As you can see, I have a lot of RAM left to be used, but nearly any CPU. This is my MySQL config my.cnf

port        = 3306
socket      = /var/run/mysqld/mysqld.sock

socket      = /var/run/mysqld/mysqld.sock
nice        = 0


user        = mysql
pid-file    = /var/run/mysqld/mysqld.pid
socket      = /var/run/mysqld/mysqld.sock
port        = 3306
basedir     = /usr
datadir     = /var/lib/mysql
tmpdir      = /tmp
lc-messages-dir = /usr/share/mysql

bind-address        =

key_buffer      = 16M
max_allowed_packet  = 16M
thread_stack        = 192K
thread_cache_size       = 8
myisam-recover         = BACKUP
query_cache_type = 1
query_cache_size = 256M
query_cache_limit = 2M

log_error = /var/log/mysql/error.log

expire_logs_days    = 10
max_binlog_size         = 100M
#binlog_do_db       = include_database_name
#binlog_ignore_db   = include_database_name  

max_allowed_packet  = 16M

#no-auto-rehash # faster start of mysql but no tab completition

key_buffer      = 16M

!includedir /etc/mysql/conf.d/

my mysql_innodb.cnf only has this entry

innodb_file_per_table = 1

Now, is there anything I can do to optimize my situation?

I am completely new to managing my own server, but I figured I have to start sometime somewhere somehow. So I would sincerely appreciate any recommendation or advice.


  • @chrisPalmer...How many current connections open/how many threads? what is your innodb_buffer pool size? what kind of queries are running and how long? Are any of the queries un-optimized, using filesort, temp table, etc...?
    – BK435
    Dec 7, 2015 at 19:32
  • @BK435 earlier I killed every background process that had any MySQL queries. So right now, there are no connections, but the MySQL is still using about 30-40% of the CPU - for no queries. My innodb_buffer pool size is 134217728. No, the queries are all simple "select name from table where test=1" and normal insert queries. There are three connections and it says in the state column "Copying to tmp table".
    – Chris Palmer Breuer
    Dec 7, 2015 at 23:44
  • so your saying current cpu usage is above in the 30% range and mysql is doing nothing?
    – BK435
    Dec 8, 2015 at 0:47
  • that's right.
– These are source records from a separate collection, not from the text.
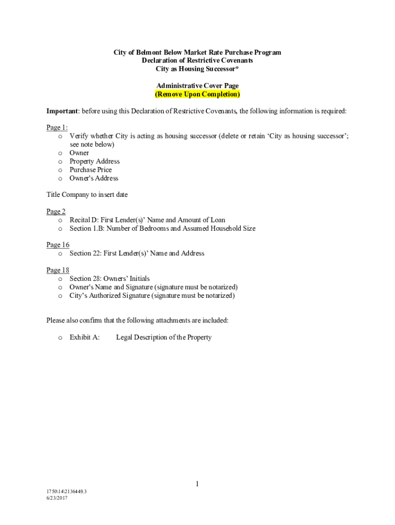 City of Belmont Below Market Rate Purchase Program Declaration of Restrictive Covenants City as Housing Successor* Administrative Cover Page (Remove Upon Completion) Important: before using this Declaration
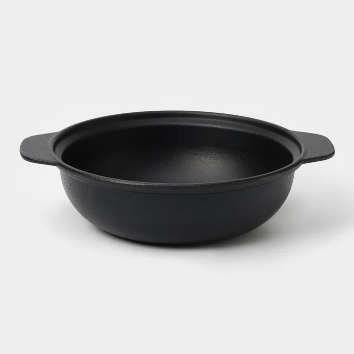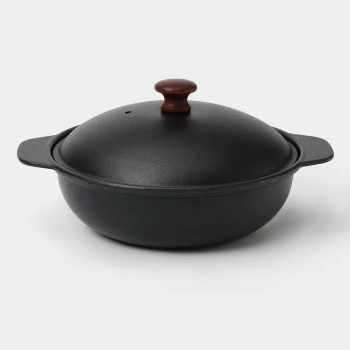 Жаровня чугунная, 2 л, d=24 см, чугунная крышка, чёрная — Характеристики
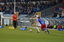 Trzy minuty później bramkarz gospoadzry uratował swój zespół przed utratą drugiej bramki i od tego momentu Biało-Niebiescy zaczęli z większym animuszem i agresją nacierać na przeciwnika. Coraz głośniej domagali się tego kibice, skandujący „Wigry grać…”.
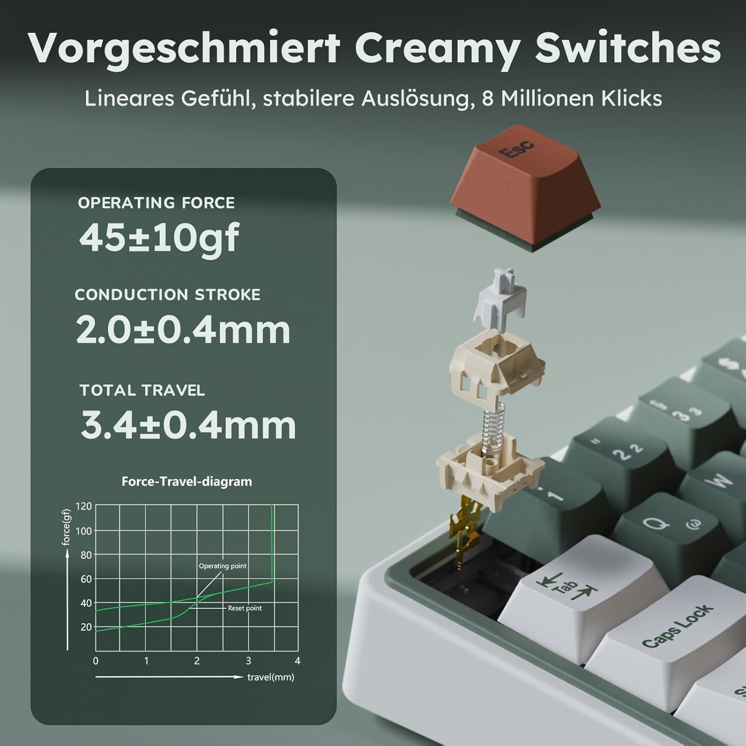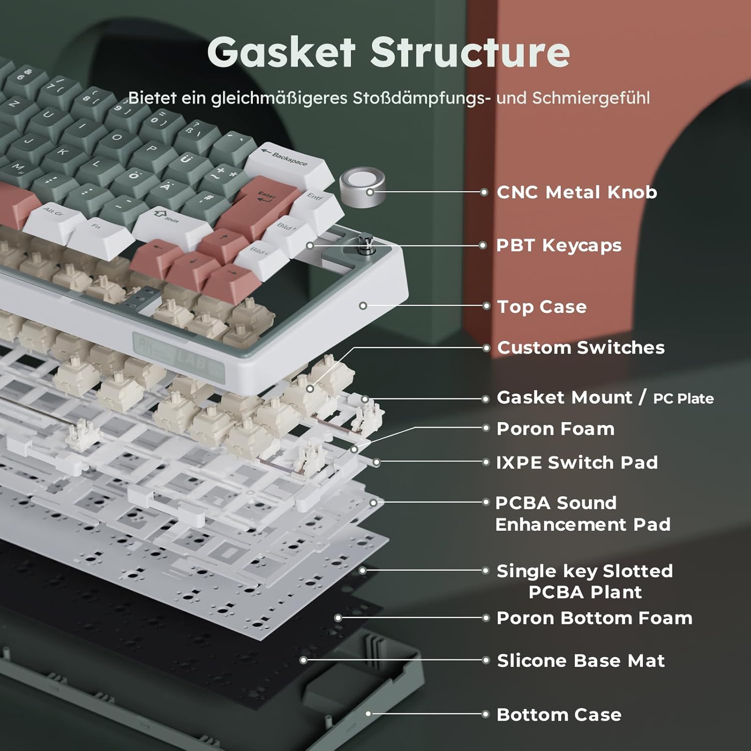 • Уплътнителна структура и слот за един клавиш на печатна платка: Механичната клавиатура QWERTZ има иновативна уплътнителна структура и слот за един клавиш, за да оптимизира устойчивостта и стабилността. Комбинацията от 5 слоя звукопоглъщащи материали, включително Poron памук, IXPE възглавница под дръжката, филм за подплънки под дръжката, памук под дръжката, силикон и др., намалява шума, прави бутоните ясни и осигурява Hi-Fi слушателско изживяване.
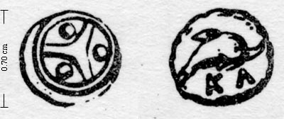 Hands Class III 0.14 g SNG BMC Cumae 24 Hands (1909) Class III 1. dolphin/wheel 3 spokes 0.14 SNG BMC 24 (this one) 2. dolphin/wheel 4 spokes
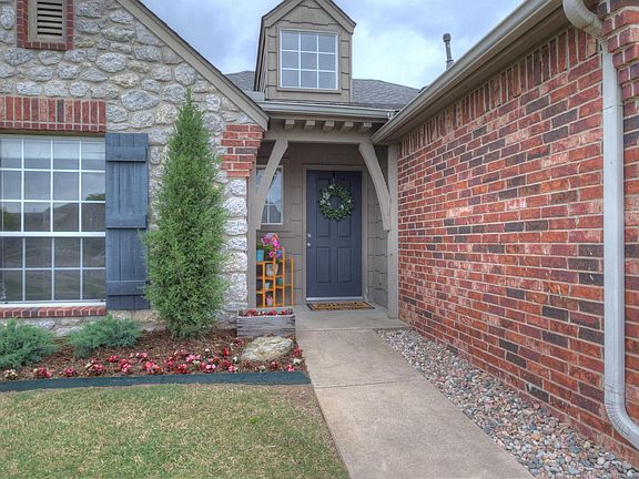 You'll love this beautiful 3 bedroom, 2 full bath home located in the Bixby School District! This home has an open floor plan:Liv room has vaulted ceilings & handsome frplc.The inviting kitchen has SS applic & breakfast bar. The spacious mstr suite has a lovely bath w his/hers sinks, closets & sep. shower w/whirlpool tub. New int paint, carpet & wood flrs. House has big lot that backs up to Five Oaks Lodge for a great view & country feel. Excellent neighborhood w pool, park & pond w wildlife. A Must See!
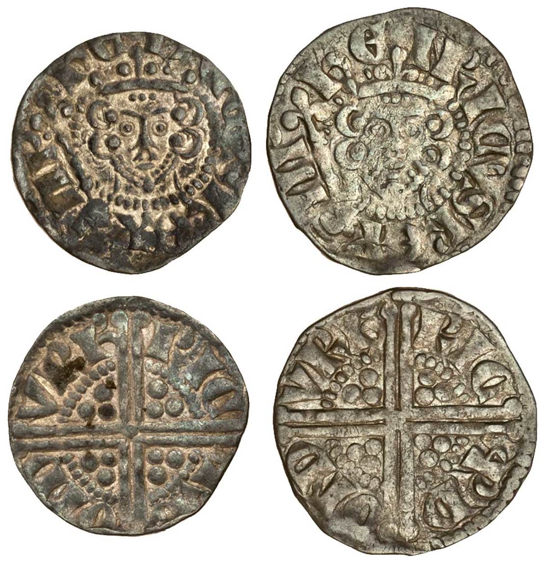 Henry III (1216-1272), ‘Long Cross’ Coinage, Pennies (2), Phase 3, Class 5aí3, Durham, Ricard (2), rev. ric ard ond vrh’, 1.51g, minimal wear, better than very fine, Class 5bí2, 1.49g, toned, almost very fine (N.991/3, N.992/2; S.1367A, S.1368A; Stewartby Va3, Vb2, the first, pl.3/68 this coin), both rare (2)
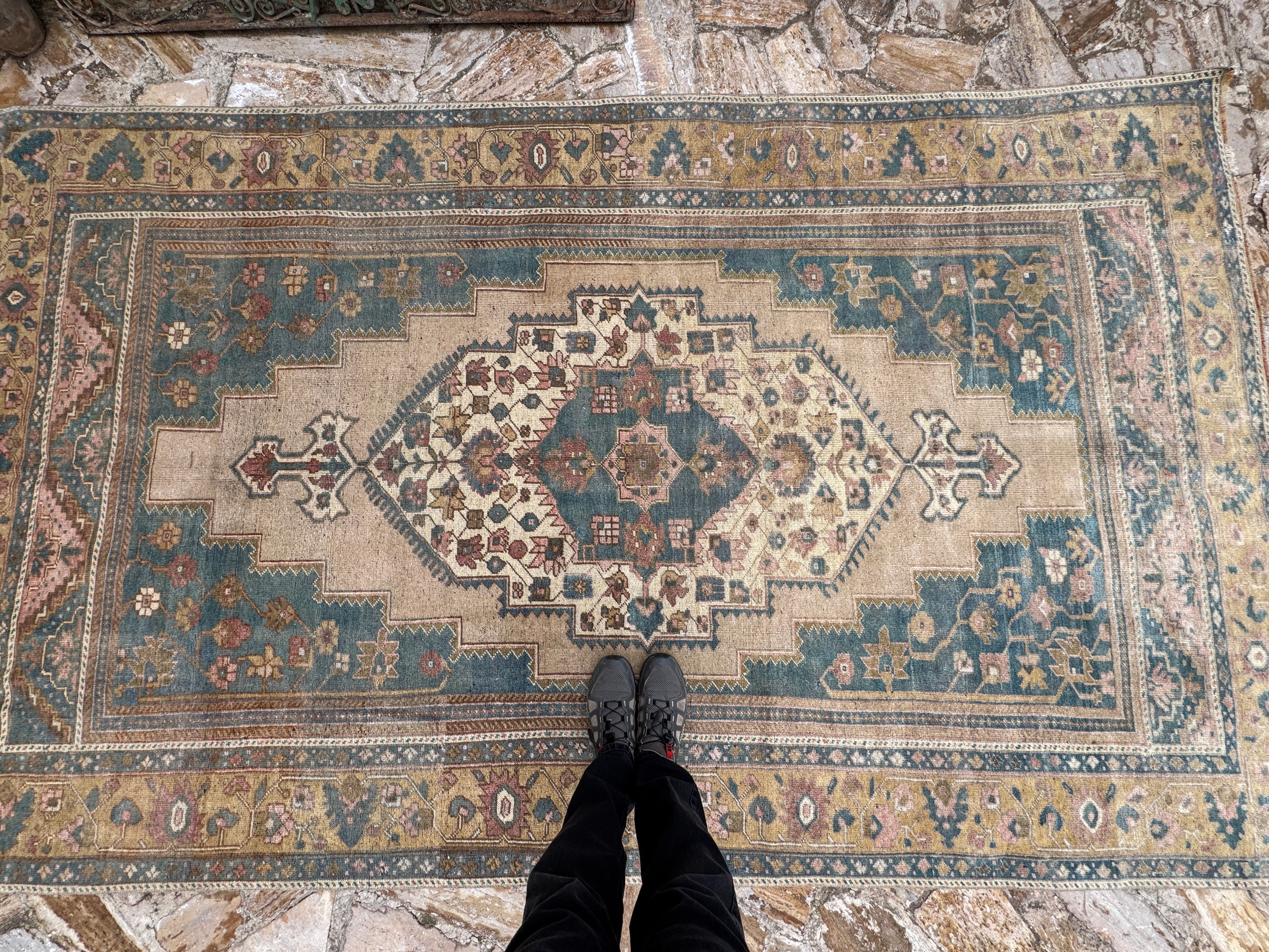 Rug has been professionally cleaned; age-related wear and natural inconsistencies are inherent in these unique, handcrafted vintage rugs.
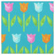 Colourful Watercolor Tulips in Pink, Blue, Orange Fabric
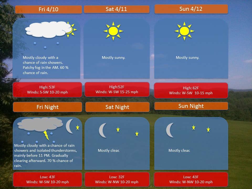 Overview: A warm front is moving through the region early this morning, associated with clouds, fog, and rain showers. Later this evening-night, a cold front will move through the area. This will be associated with another round of rain showers and a possible isolated storm. Behind this frontal passage, a ridge of high pressure will build in from the Midwest just in time for the weekend. You can expect mostly sunny skies and high temperatures in the 50s and 60s.
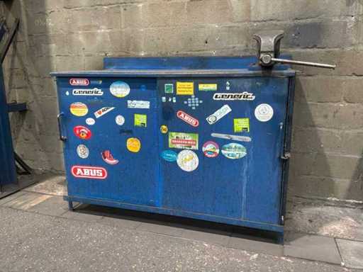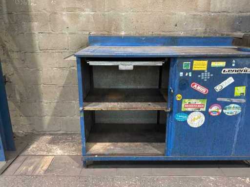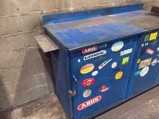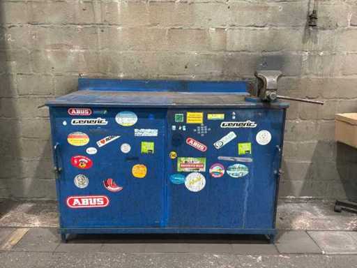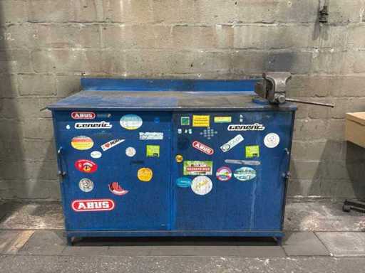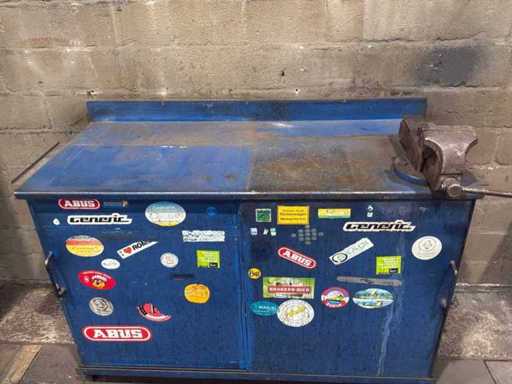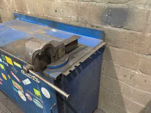 Stalen werkbank met bankschroef
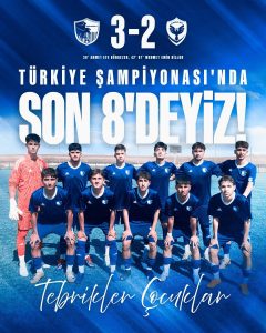Elazığ’da oynanan ve Elazığ’lı futbolseverlerin desteğini alan Temsilcimiz 90+7 Taha Kars’ın ayağından bulduğu golle müsabakayı 1-0 kazanarak Türkiye’de son 8 takım arasına ismini yazdırdı. Tur atlayan ve Türkiye şampiyonluğu öncesinde son 8’e kalan Erzurumsporlu futbolcular ve teknik heyet büyük bir coşku yaşadı.

I can restart mysql and it will go back up to the 30% range. The only thing it shows is when I SHOW PROCESSLIST it shows three connections and it says in the "state"-column "Copying to tmp table".
    – Chris Palmer Breuer
    Dec 8, 2015 at 0:52
  • 1
    High CPU almost always indicates an inefficient SELECT. Do SHOW PROCESSLIST to find it, then let's see it. Also provide SHOW CREATE TABLE; the solution may be as simple as adding a composite index.
    – Rick James
    Dec 11, 2015 at 23:58

1 Answer 1


Verify that you tables are using the InnoDB engine and not the MyISAM or ARIA engine. Concurrent writes on non InnoDB tables can cause huge CPU spikes from attempts to get full table locks.

  • I believe that locks are implemented a bit more efficiently than just busy waiting.
    – jkavalik
    Apr 27, 2016 at 5:51
  • ARIA 2.0 (next version) goals row level locking, right now it is just table level locks. So like of current writes to the same rows will certainly cause CPU spikes.